View from the US

5 March 2020

After starting the year in a much more optimistic state, the outlook for the hide market became murkier with the arrival of the prolonged Coronavirus crisis. In the third week of February, the situation was still uncertain and much of China had yet to return to operation. On the supply side, slaughter continued at high levels, and with sales slow, hide stocks were starting to build and producer positions erode.

Trading in heavy Texas steers was still low before the crisis took hold. Prices had been as high as $28 for seasonal weights, but had dropped by as much as nearly $5 in some cases. Sales ranged between $23 and $27, with the spread mainly caused by the individual customer, ability to take shipments and volumes purchased. Branded steers, also known as Colorados, were selling as low as $22, a decrease of $6 from the previous highs.

After positioning itself well in the latter half of 2019, the cow sector also saw its positions decline thanks to the situation in China. Before interest had essentially dried up, branded cows lost some ground, selling at around $6 for seasonal average weights of northern-type material. Dairy cows were also lower, selling around $20 for good quality selections.

With regard to US export sales for the month of January, weekly raw hide sales averaged 303,260, which is down 29% from December 2019. January’s average weekly shipments were 358,620, down by 23% from December.

For wet-blue, January weekly export sales averaged 215,420, which is up 26% over December’s average.

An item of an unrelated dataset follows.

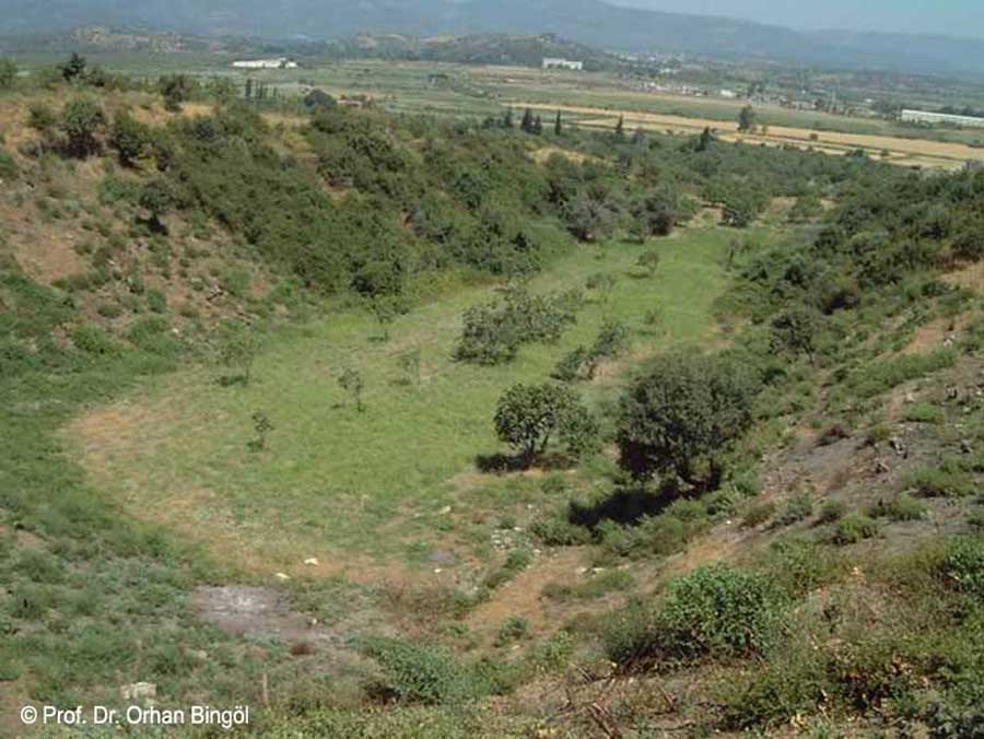 The existence of a stadium was known from ancient writings. Still in 1984 one could only guess that it could have been located in the horseshoe-shaped depression in the eastern part of the former urban area. Only the shape of the valley suggested a stadium. |

Weekly average wet-blue export shipments were 111,860, down 5% from December.

In other reports

According to the Leather and Hide Council of America, US cured cattle hides exports in 2019 were down by 13% in volume and 30% in value compared with 2018. Significant growth was seen in exports to Vietnam, Ethiopia, the Dominican Republic and the Bahamas. Wet-blue shipments in 2019 decreased by 23% in volume and 20% in value. Italy was the largest buyer by value, totalling more than $122 million in 2019. Vietnam and China were second and third.

The latest Cattle report issued by the USDA confirms that cyclical herd expansion in the US is over, according to Derrell Peel of Oklahoma State University writing for Drover’s. The total inventory of all cattle and calves on 1 January 2020 was 94.413 million head, down 0.4% from one year ago. The numbers indicate that, while cattle inventories have stopped growing, no major liquidation is under way. The beef cow inventory is 31.3 million head, down 374,000 head or 1.2% lower year-over-year. The peak beef cow inventory for 2019 was 31.7 million (revised down by 75,000 head from the previous report). This means that the total herd expansion in this cycle was an increase of 2.73 million head from the 2014 low of 29 million cows. That is a total cyclical expansion of 9.4% or an average of 1.9% per year for the five years of expansion.

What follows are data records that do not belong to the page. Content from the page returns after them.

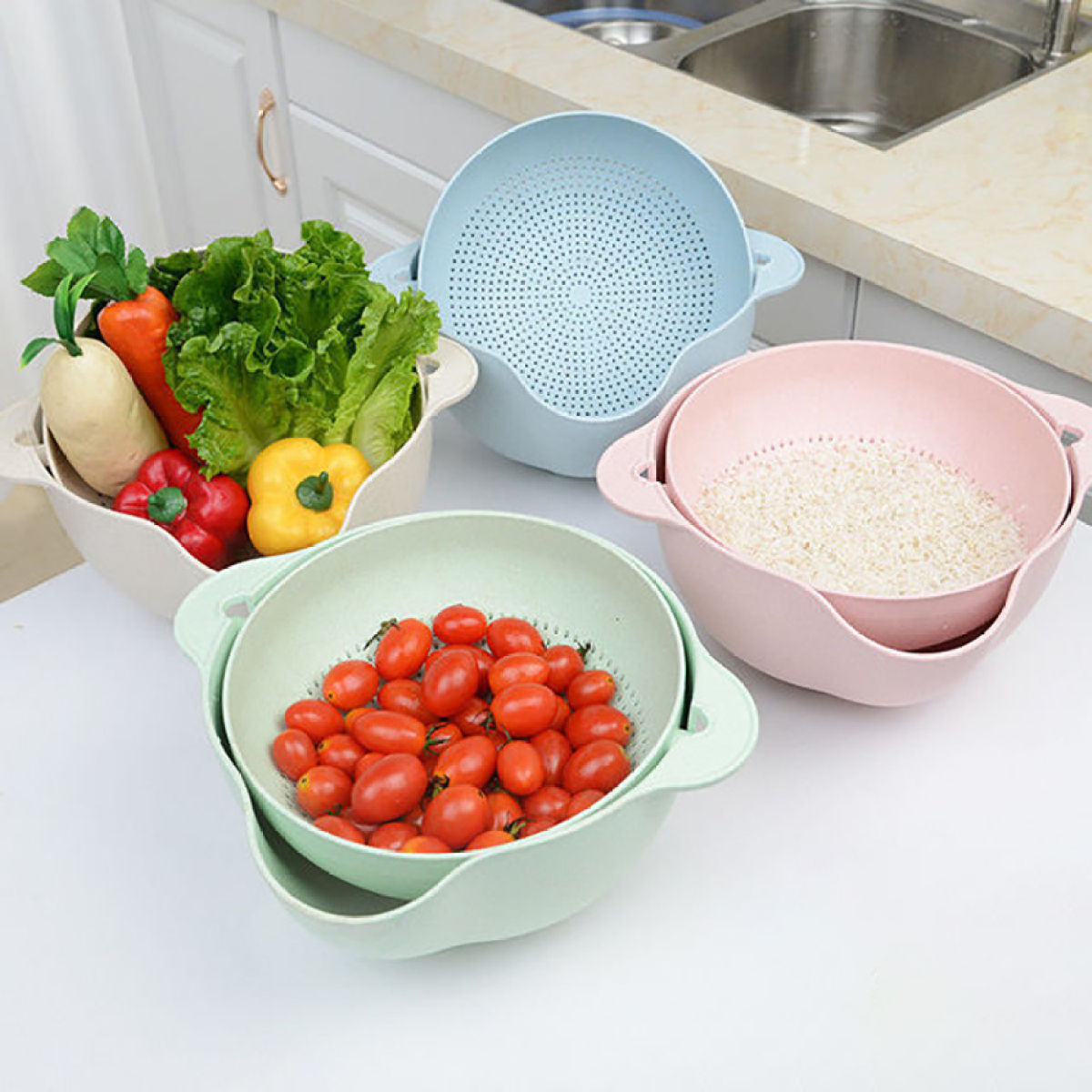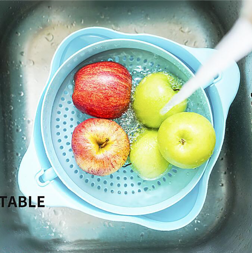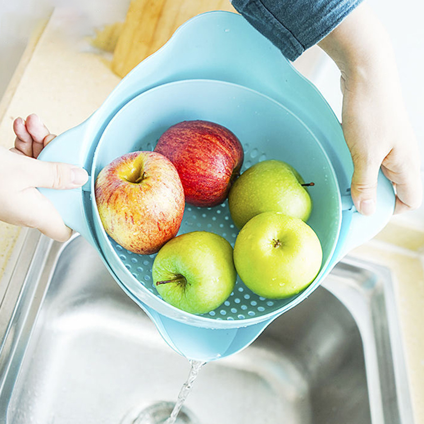 Double-layer hollow design: washing and draining fruits and vegetables in one step
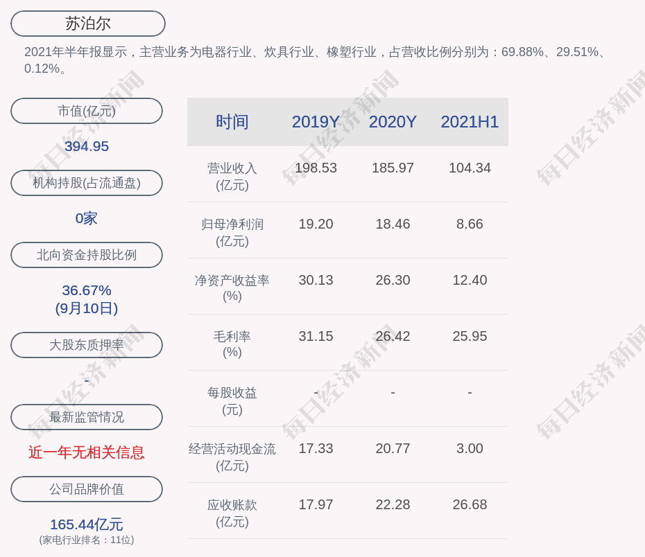 2021年半年报显示,苏泊尔的主营业务为电器行业、炊具行业、橡塑行业,占营收比例分别为:69.88%、29.51%、0.12%。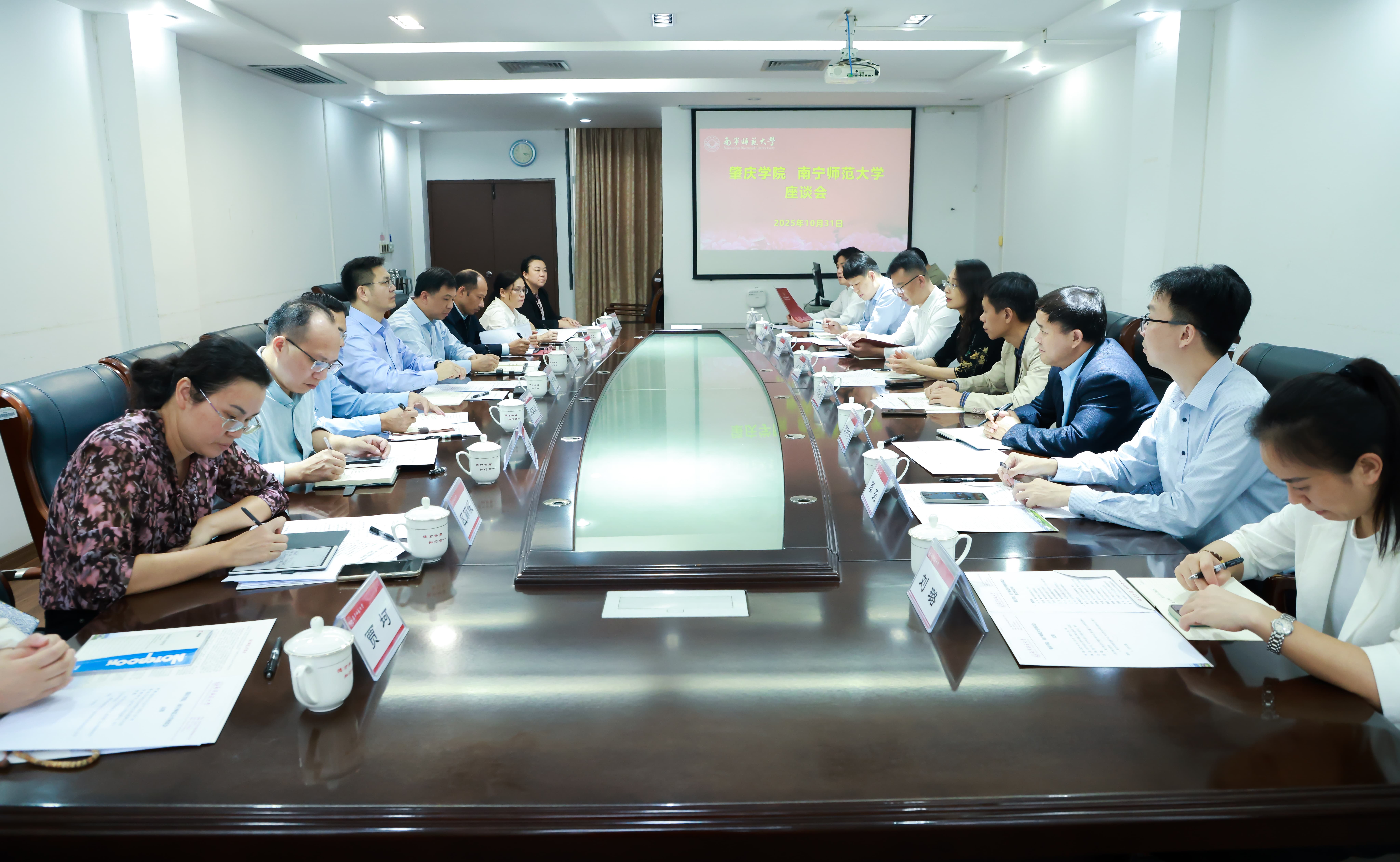 10月31日下午,肇庆学院党委副书记、校长李琴一行8人到beat365官网开展调研交流。beat365官网校长隆广庆热情接待了肇庆学院一行,并举行了座谈交流。会议由隆广庆主持。

Cattle and calves on feed for the slaughter market in the US for all feedlots totalled 14.668 million head on 1 January 2020, says the USDA. The inventory was up 2.1% from the 1 January 2019 total of 14.368 million head. Cattle on feed in feedlots with capacity of 1,000 or more head accounted for 81.5% of the total cattle on feed on 1 January, up slightly from the previous year. The combined total of calves under 500lb, and other heifers and steers over 500lb outside feedlots at 26.4 million head was slightly below 1 January 2019. Calves born during the first half of 2019 were estimated at 26.4 million head, down slightly from the first half of 2018. Calves born during the second half of 2019 were estimated at 9.71 million head, 27% of the total 2019 calf crop.

A change in events

As we noted last month, a landmark event for the start of the year was the signing of a ‘phase one’ trade agreement between the US and China. Now, however, the media have reported that the Trump administration expects the Coronavirus will throw a wrench into the deal, delaying the export boom. Still, on 6 February, China’s Ministry of Finance announced that it will halve retaliatory tariffs on hundreds of US goods worth about $75 billion in trade. Retaliatory tariffs on some US goods will be cut from 10% to 5%, and others from 5% to 2.5% starting 14 February 2020. Some hide and leather products were included in the list, but the import codes covering most US hide exports were not included in this round of tariff reduction.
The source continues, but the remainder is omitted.